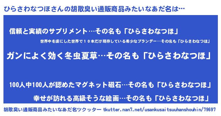 | 伝説のあだ名 | 『孤高の遊び人ひらさわなつほ』 |
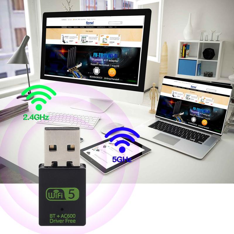 Trådløs USB WiFi-dongle / Bluetooth-adapter for PC, bærbar PC - 600 Mbps, Dual Band 2,4 GHz/5,8 GHz, Bluetooth 4.2
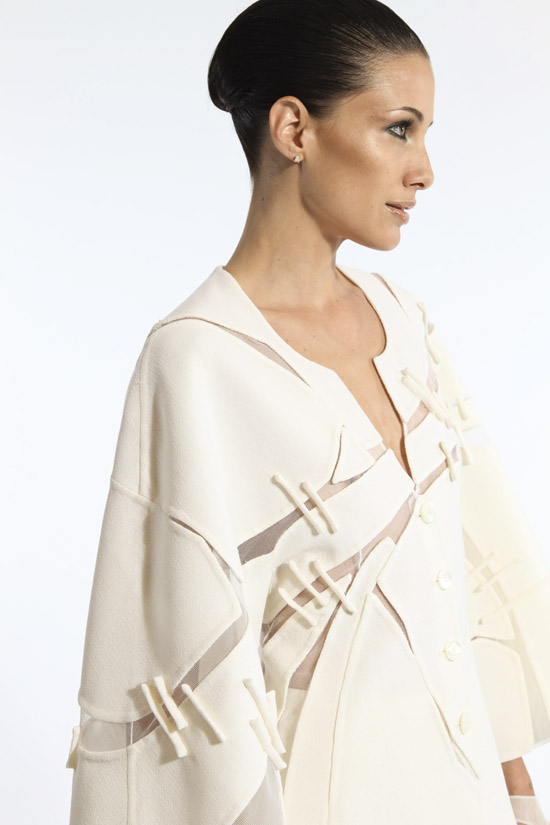 Consummate, this single word describes both Ralph Rucci and his art. Ralph Rucci’s designs possess a refined and serene feel to them. They are perfectly balanced, not solely aesthetically but in spirit as well. Viewing the Spring 2011 collection from Chado I felt as if I was reading almost as much as seeing. There was communication occurring, each dress, each jacket, each blouse was imparting a specific message. Fundamental sections such as panels and sleeves carried the same strength as the detailing, creating a sense of wholeness you rarely encounter in fashion. Mr. Rucci creates garments much like a master calligrapher who understands that the form of the symbol communicates as much as the symbol itself.
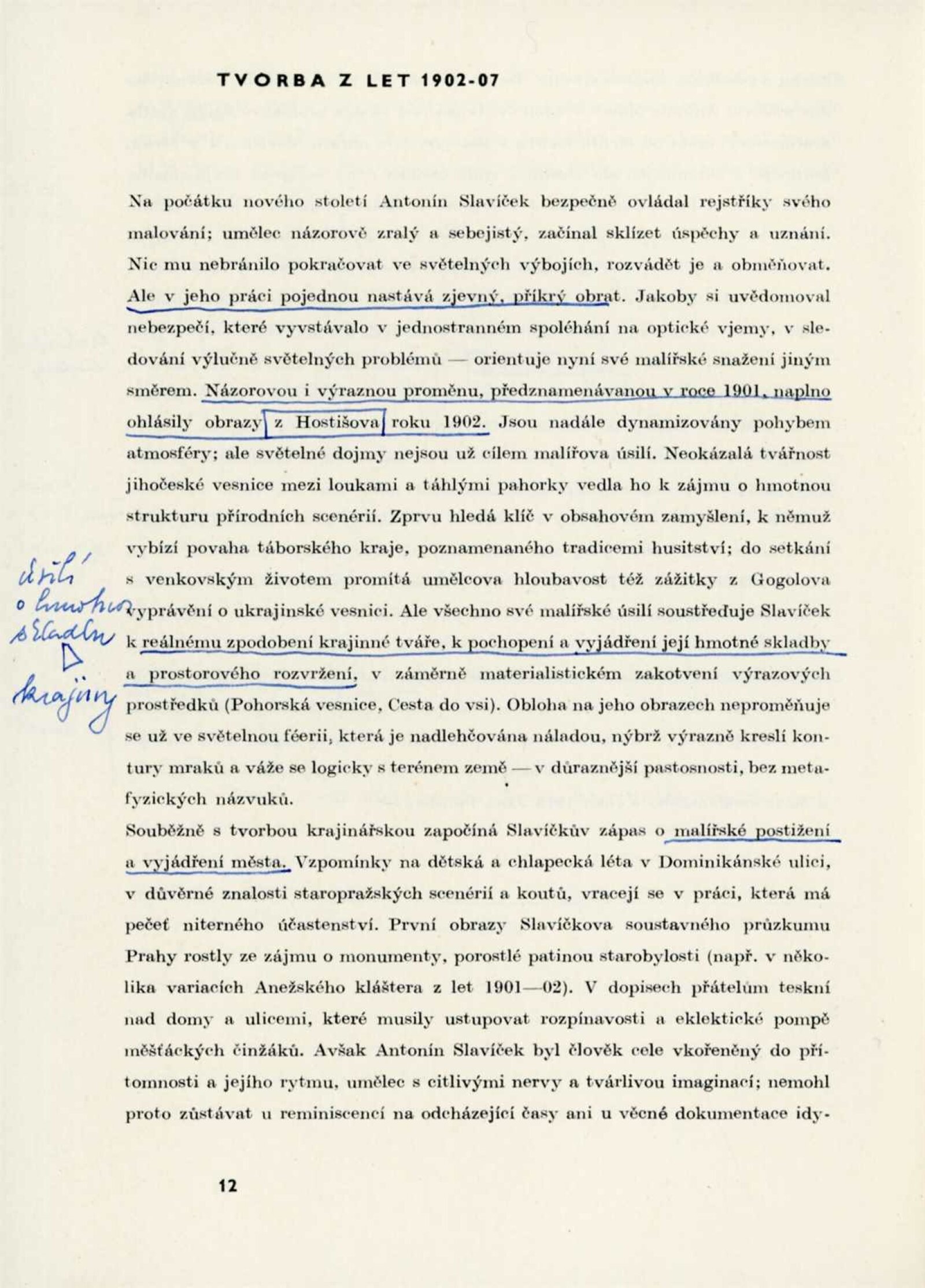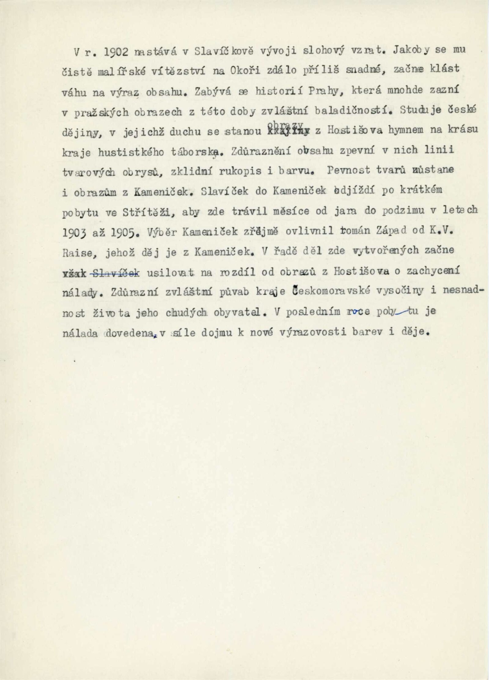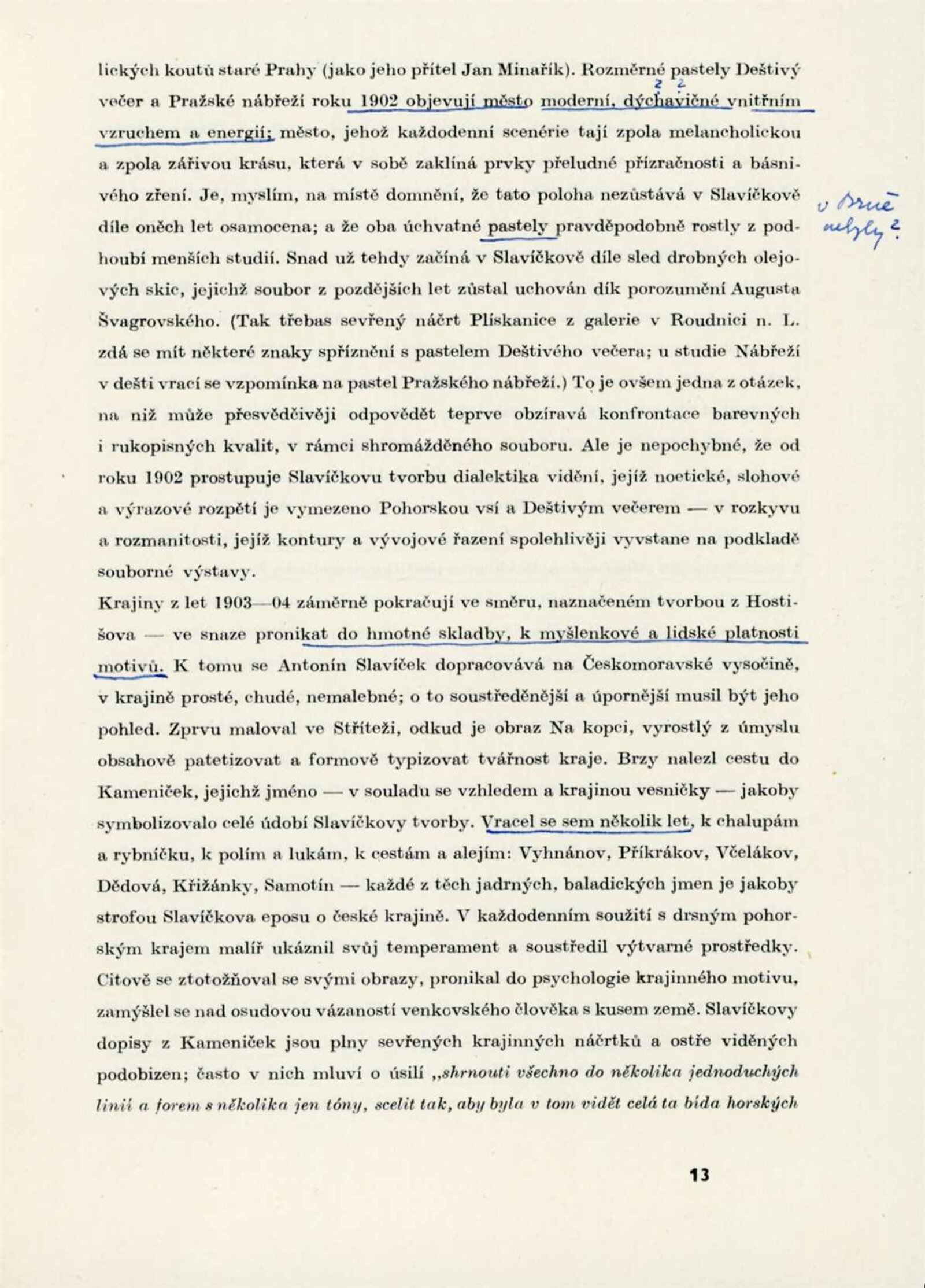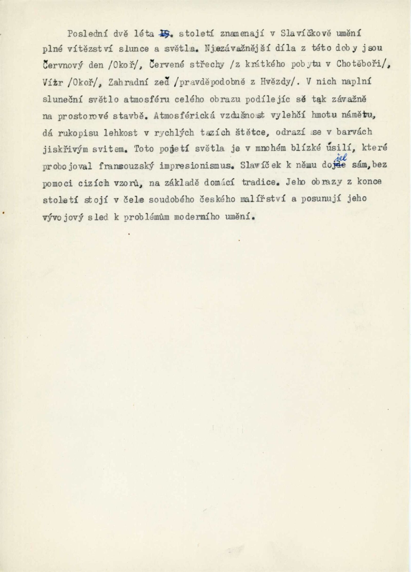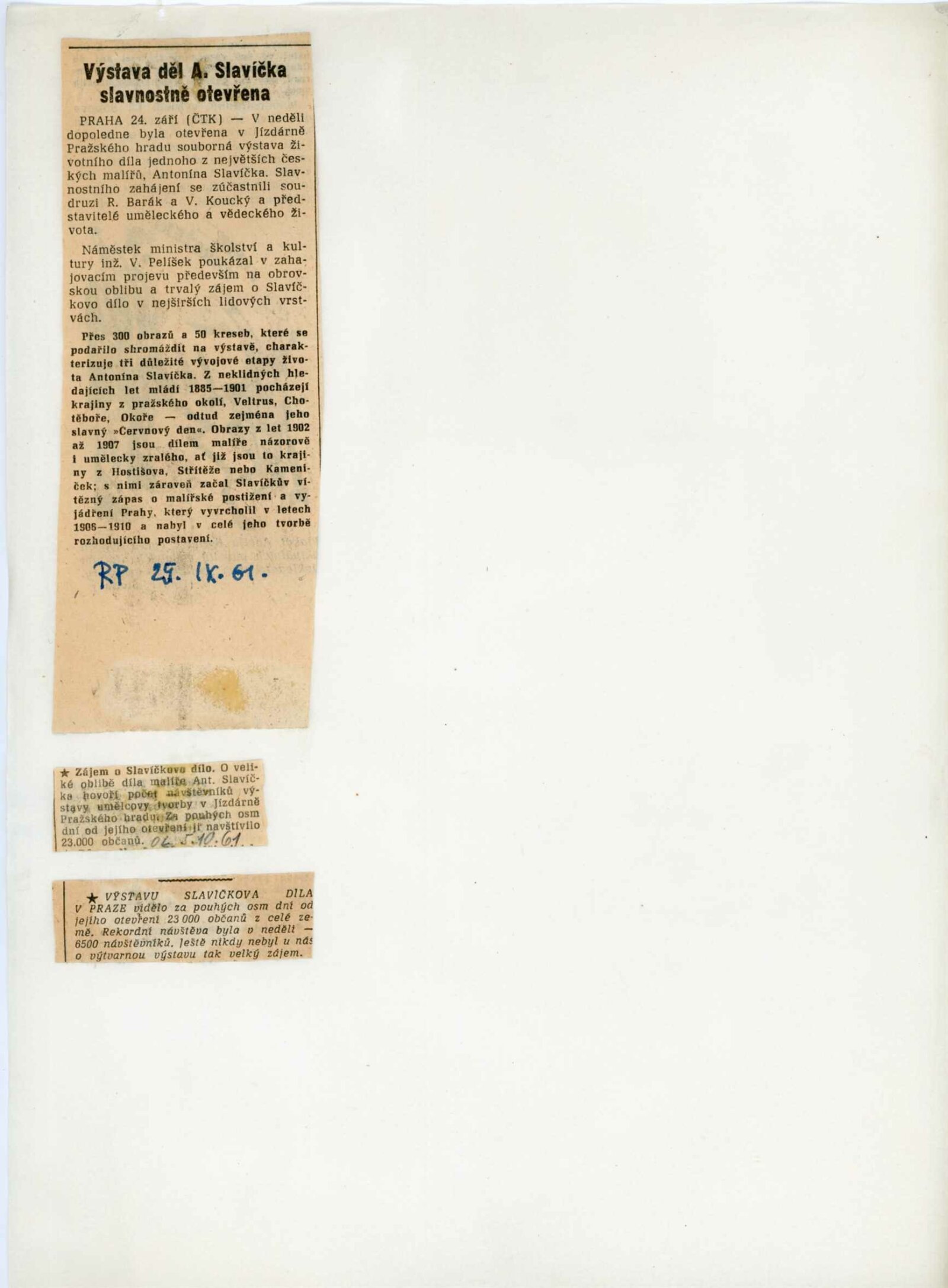 Antonín Slavíček 1870–1910: Dům umění města Brna, 21. 1. – 1. 4. 1962 / Text: Jiří Kotalík. – Praha: Národní galerie, 1962. – 31 s., 16 s. obr. příl., seznam exponátů 11 s., portrét, životopis, DU 410. – MZK; MG; MMB

### Goal of the exercise
Could you output the lines above exactly, with no pictures included?

### Answer section
 | 伝説のあだ名 | 『孤高の遊び人ひらさわなつほ』 |
 Trådløs USB WiFi-dongle / Bluetooth-adapter for PC, bærbar PC - 600 Mbps, Dual Band 2,4 GHz/5,8 GHz, Bluetooth 4.2
 Consummate, this single word describes both Ralph Rucci and his art. Ralph Rucci’s designs possess a refined and serene feel to them. They are perfectly balanced, not solely aesthetically but in spirit as well. Viewing the Spring 2011 collection from Chado I felt as if I was reading almost as much as seeing. There was communication occurring, each dress, each jacket, each blouse was imparting a specific message. Fundamental sections such as panels and sleeves carried the same strength as the detailing, creating a sense of wholeness you rarely encounter in fashion. Mr. Rucci creates garments much like a master calligrapher who understands that the form of the symbol communicates as much as the symbol itself.
 Antonín Slavíček 1870–1910: Dům umění města Brna, 21. 1. – 1. 4. 1962 / Text: Jiří Kotalík. – Praha: Národní galerie, 1962. – 31 s., 16 s. obr. příl., seznam exponátů 11 s., portrét, životopis, DU 410. – MZK; MG; MMB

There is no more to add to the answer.